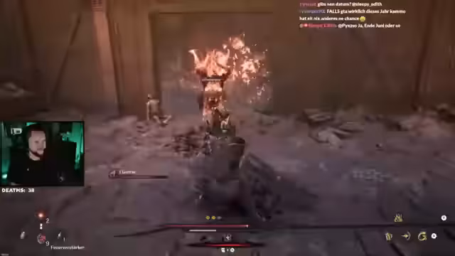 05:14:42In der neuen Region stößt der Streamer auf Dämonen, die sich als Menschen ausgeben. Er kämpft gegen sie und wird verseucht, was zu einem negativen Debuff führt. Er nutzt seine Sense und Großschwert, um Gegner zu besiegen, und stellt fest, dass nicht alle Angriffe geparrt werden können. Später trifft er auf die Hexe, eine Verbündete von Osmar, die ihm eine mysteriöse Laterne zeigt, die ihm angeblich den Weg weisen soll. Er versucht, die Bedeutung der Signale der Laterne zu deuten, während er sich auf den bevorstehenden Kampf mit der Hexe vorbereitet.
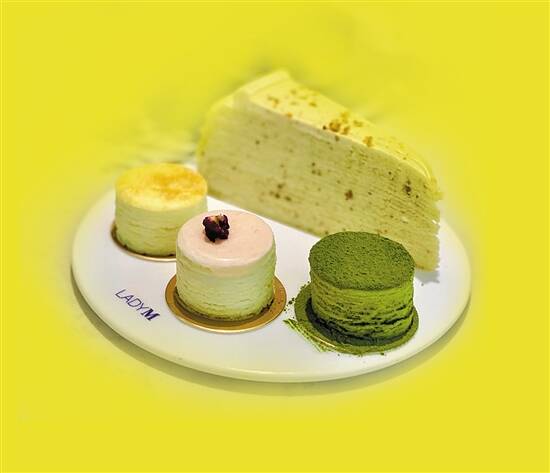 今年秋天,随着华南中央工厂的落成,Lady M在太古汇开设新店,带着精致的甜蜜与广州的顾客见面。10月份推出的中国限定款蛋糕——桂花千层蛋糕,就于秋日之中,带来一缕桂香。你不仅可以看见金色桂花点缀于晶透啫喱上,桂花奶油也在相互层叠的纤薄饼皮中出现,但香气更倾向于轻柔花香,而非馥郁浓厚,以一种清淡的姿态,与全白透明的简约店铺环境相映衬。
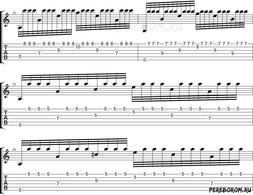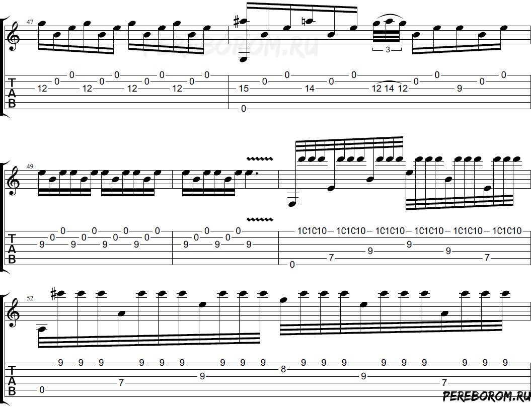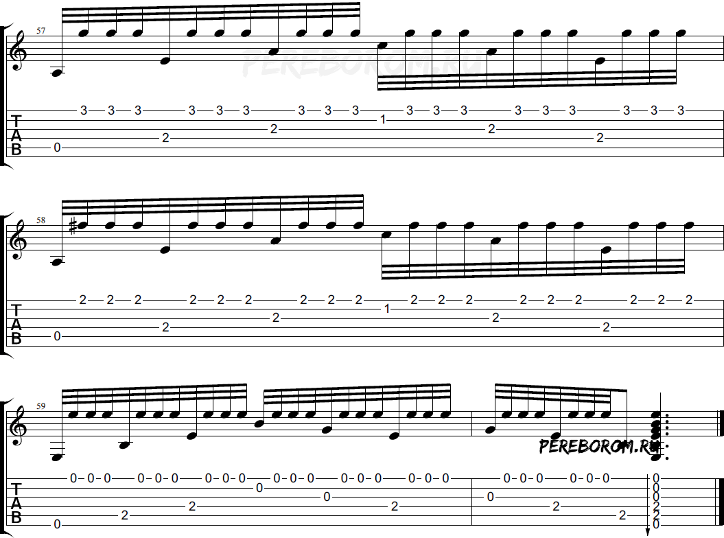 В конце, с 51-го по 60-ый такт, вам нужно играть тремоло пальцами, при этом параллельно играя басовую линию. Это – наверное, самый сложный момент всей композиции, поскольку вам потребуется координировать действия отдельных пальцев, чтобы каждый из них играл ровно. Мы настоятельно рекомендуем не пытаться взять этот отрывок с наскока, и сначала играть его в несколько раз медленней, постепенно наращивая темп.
□ □ □ □ □ □ □
WHAT YOU WILL DO:
Everything above should be given again exactly, apart from the pictures.

SOLUTION TO THIS TASK:
 05:14:42In der neuen Region stößt der Streamer auf Dämonen, die sich als Menschen ausgeben. Er kämpft gegen sie und wird verseucht, was zu einem negativen Debuff führt. Er nutzt seine Sense und Großschwert, um Gegner zu besiegen, und stellt fest, dass nicht alle Angriffe geparrt werden können. Später trifft er auf die Hexe, eine Verbündete von Osmar, die ihm eine mysteriöse Laterne zeigt, die ihm angeblich den Weg weisen soll. Er versucht, die Bedeutung der Signale der Laterne zu deuten, während er sich auf den bevorstehenden Kampf mit der Hexe vorbereitet.
 今年秋天,随着华南中央工厂的落成,Lady M在太古汇开设新店,带着精致的甜蜜与广州的顾客见面。10月份推出的中国限定款蛋糕——桂花千层蛋糕,就于秋日之中,带来一缕桂香。你不仅可以看见金色桂花点缀于晶透啫喱上,桂花奶油也在相互层叠的纤薄饼皮中出现,但香气更倾向于轻柔花香,而非馥郁浓厚,以一种清淡的姿态,与全白透明的简约店铺环境相映衬。
 В конце, с 51-го по 60-ый такт, вам нужно играть тремоло пальцами, при этом параллельно играя басовую линию. Это – наверное, самый сложный момент всей композиции, поскольку вам потребуется координировать действия отдельных пальцев, чтобы каждый из них играл ровно. Мы настоятельно рекомендуем не пытаться взять этот отрывок с наскока, и сначала играть его в несколько раз медленней, постепенно наращивая темп.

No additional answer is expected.